Exercise inputs:
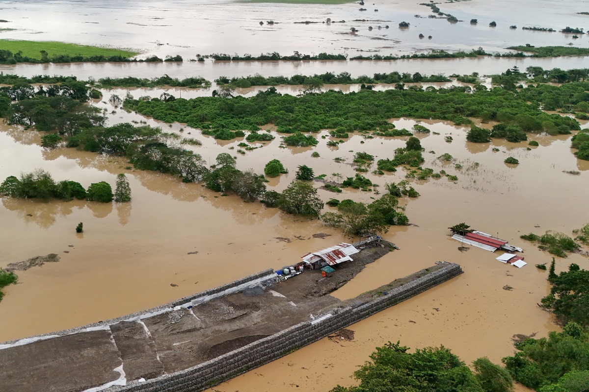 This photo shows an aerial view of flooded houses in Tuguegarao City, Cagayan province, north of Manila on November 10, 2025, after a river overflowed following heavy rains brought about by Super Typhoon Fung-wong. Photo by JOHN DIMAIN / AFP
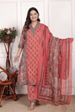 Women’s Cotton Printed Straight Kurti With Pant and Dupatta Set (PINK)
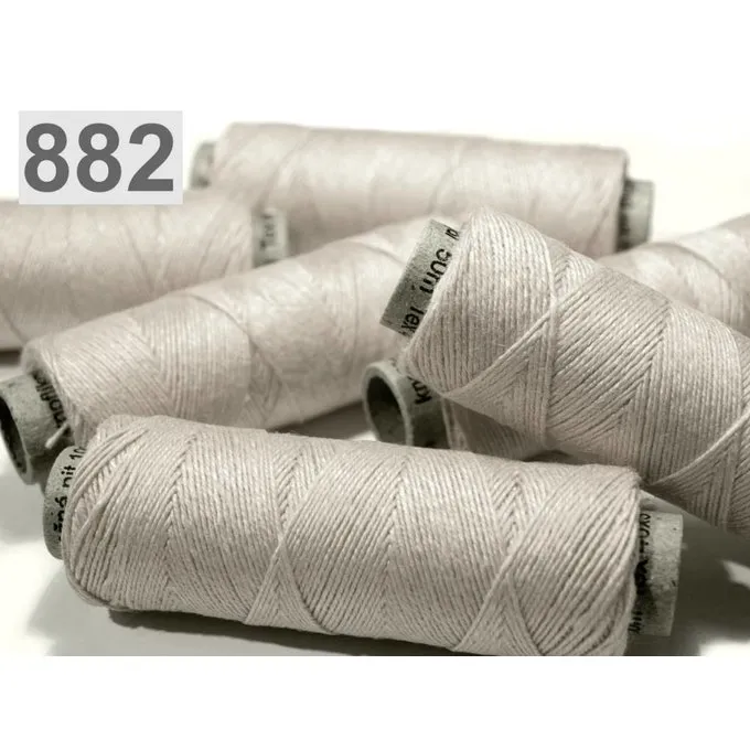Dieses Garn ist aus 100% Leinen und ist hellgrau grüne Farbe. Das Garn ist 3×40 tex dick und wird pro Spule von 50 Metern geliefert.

---

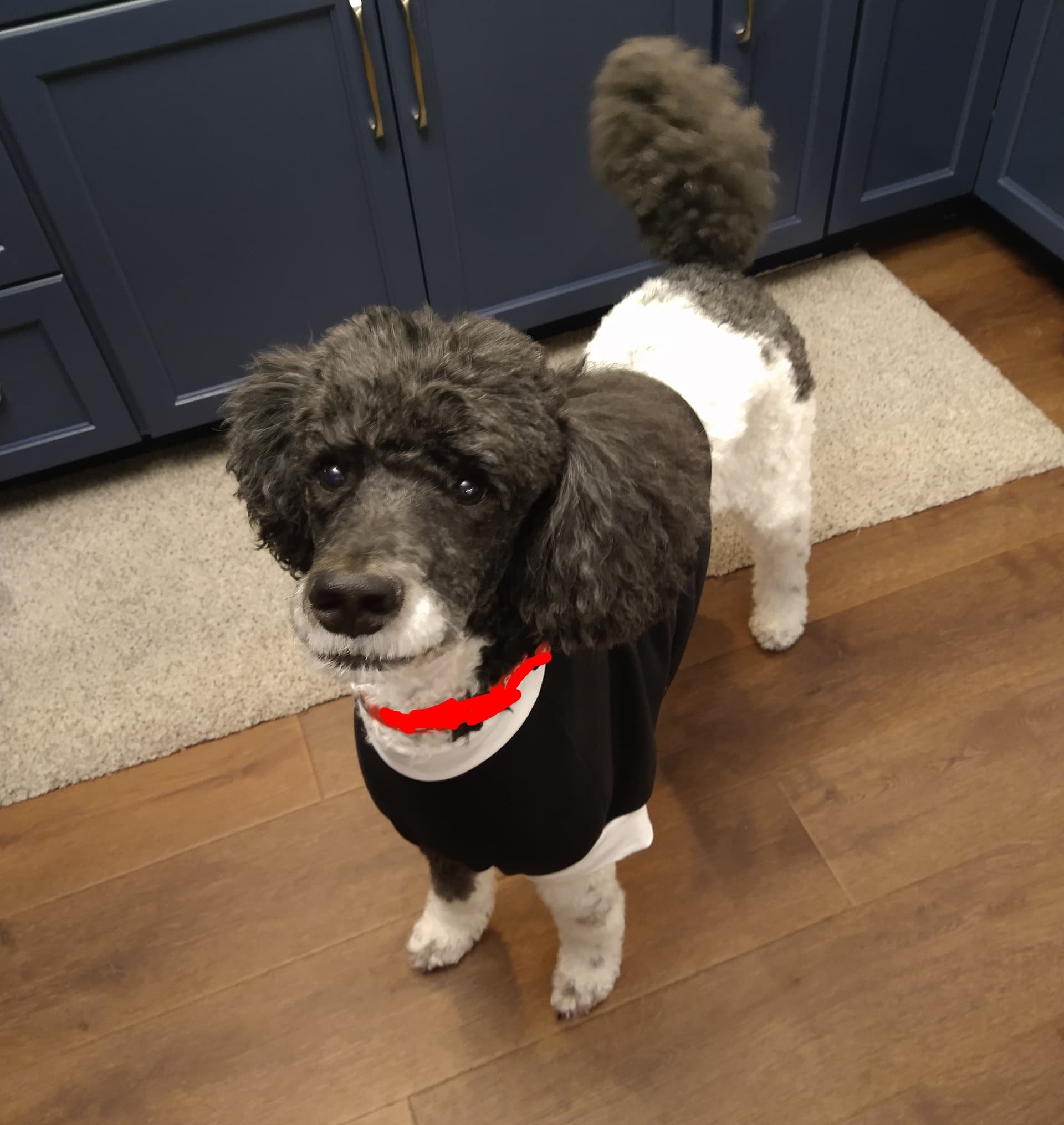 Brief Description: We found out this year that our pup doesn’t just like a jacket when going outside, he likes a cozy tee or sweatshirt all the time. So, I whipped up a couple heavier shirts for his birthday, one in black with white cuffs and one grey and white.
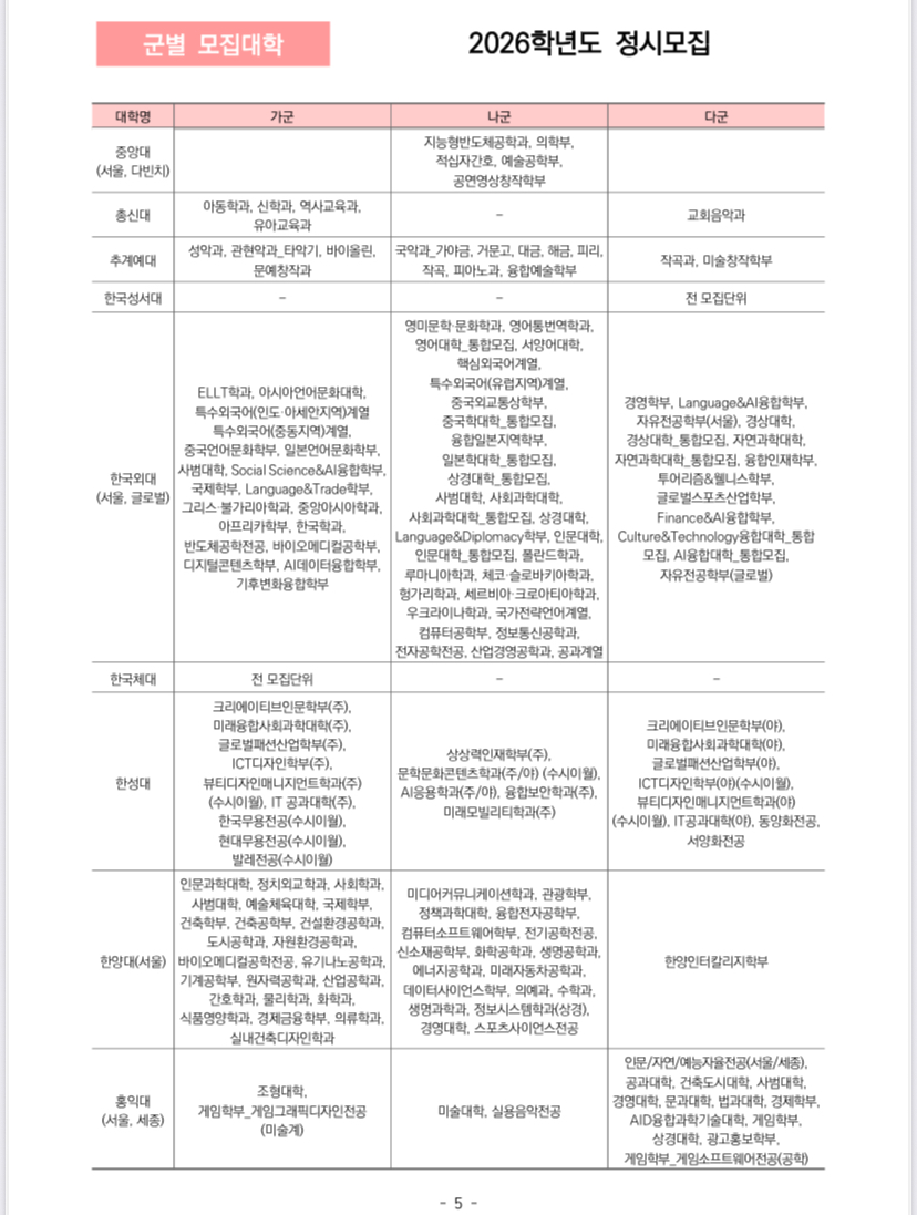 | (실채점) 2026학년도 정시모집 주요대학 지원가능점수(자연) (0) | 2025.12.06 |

What you should do:
All that should appear in the answer is the lines above from the line with "This photo shows" through the line with "Dieses Garn ist", retyped exactly, pictures left out.

Completed exercise:
 This photo shows an aerial view of flooded houses in Tuguegarao City, Cagayan province, north of Manila on November 10, 2025, after a river overflowed following heavy rains brought about by Super Typhoon Fung-wong. Photo by JOHN DIMAIN / AFP
 Women’s Cotton Printed Straight Kurti With Pant and Dupatta Set (PINK)
Dieses Garn ist aus 100% Leinen und ist hellgrau grüne Farbe. Das Garn ist 3×40 tex dick und wird pro Spule von 50 Metern geliefert.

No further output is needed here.